We present a new distribution-free conformal prediction algorithm for sequential data (e.g., time series), called the \textit{sequential predictive conformal inference} (\texttt{SPCI}). We specifically account for the nature that time series data are non-exchangeable, and thus many existing conformal prediction algorithms are not applicable. The main idea is to adaptively re-estimate the conditional quantile of non-conformity scores (e.g., prediction residuals), upon exploiting the temporal dependence among them. More precisely, we cast the problem of conformal prediction interval as predicting the quantile of a future residual, given a user-specified point prediction algorithm. Theoretically, we establish asymptotic valid conditional coverage upon extending consistency analyses in quantile regression. Using simulation and real-data experiments, we demonstrate a significant reduction in interval width of \texttt{SPCI} compared to other existing methods under the desired empirical coverage.

相關內容

This paper is concerned with goal-oriented a posteriori error estimation for nonlinear functionals in the context of nonlinear variational problems solved with continuous Galerkin finite element discretizations. A two-level, or discrete, adjoint-based approach for error estimation is considered. The traditional method to derive an error estimate in this context requires linearizing both the nonlinear variational form and the nonlinear functional of interest which introduces linearization errors into the error estimate. In this paper, we investigate these linearization errors. In particular, we develop a novel discrete goal-oriented error estimate that accounts for traditionally neglected nonlinear terms at the expense of greater computational cost. We demonstrate how this error estimate can be used to drive mesh adaptivity. We show that accounting for linearization errors in the error estimate can improve its effectivity for several nonlinear model problems and quantities of interest. We also demonstrate that an adaptive strategy based on the newly proposed estimate can lead to more accurate approximations of the nonlinear functional with fewer degrees of freedom when compared to uniform refinement and traditional adjoint-based approaches.

In this paper, we study a novel inference paradigm, termed as schema inference, that learns to deductively infer the explainable predictions by rebuilding the prior deep neural network (DNN) forwarding scheme, guided by the prevalent philosophical cognitive concept of schema. We strive to reformulate the conventional model inference pipeline into a graph matching policy that associates the extracted visual concepts of an image with the pre-computed scene impression, by analogy with human reasoning mechanism via impression matching. To this end, we devise an elaborated architecture, termed as SchemaNet, as a dedicated instantiation of the proposed schema inference concept, that models both the visual semantics of input instances and the learned abstract imaginations of target categories as topological relational graphs. Meanwhile, to capture and leverage the compositional contributions of visual semantics in a global view, we also introduce a universal Feat2Graph scheme in SchemaNet to establish the relational graphs that contain abundant interaction information. Both the theoretical analysis and the experimental results on several benchmarks demonstrate that the proposed schema inference achieves encouraging performance and meanwhile yields a clear picture of the deductive process leading to the predictions. Our code is available at //github.com/zhfeing/SchemaNet-PyTorch.

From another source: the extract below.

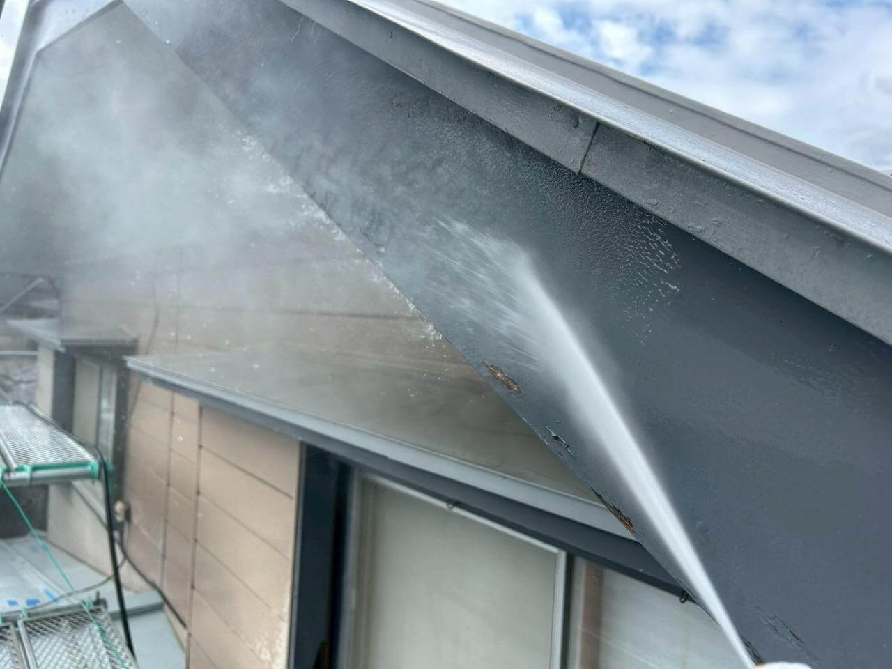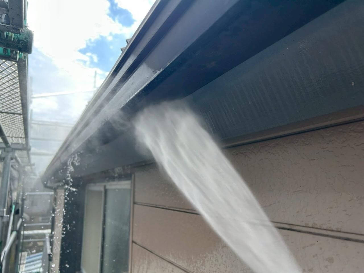 外壁塗装工事屋根塗装工事では、塗装前(塗料を塗る前)に、高圧洗浄機を使用して、高圧の水で外壁に付着した汚れや傷んだ旧塗膜などを洗い流します。

In safety-critical classification tasks, conformal prediction allows to perform rigorous uncertainty quantification by providing confidence sets including the true class with a user-specified probability. This generally assumes the availability of a held-out calibration set with access to ground truth labels. Unfortunately, in many domains, such labels are difficult to obtain and usually approximated by aggregating expert opinions. In fact, this holds true for almost all datasets, including well-known ones such as CIFAR and ImageNet. Applying conformal prediction using such labels underestimates uncertainty. Indeed, when expert opinions are not resolvable, there is inherent ambiguity present in the labels. That is, we do not have ``crisp'', definitive ground truth labels and this uncertainty should be taken into account during calibration. In this paper, we develop a conformal prediction framework for such ambiguous ground truth settings which relies on an approximation of the underlying posterior distribution of labels given inputs. We demonstrate our methodology on synthetic and real datasets, including a case study of skin condition classification in dermatology.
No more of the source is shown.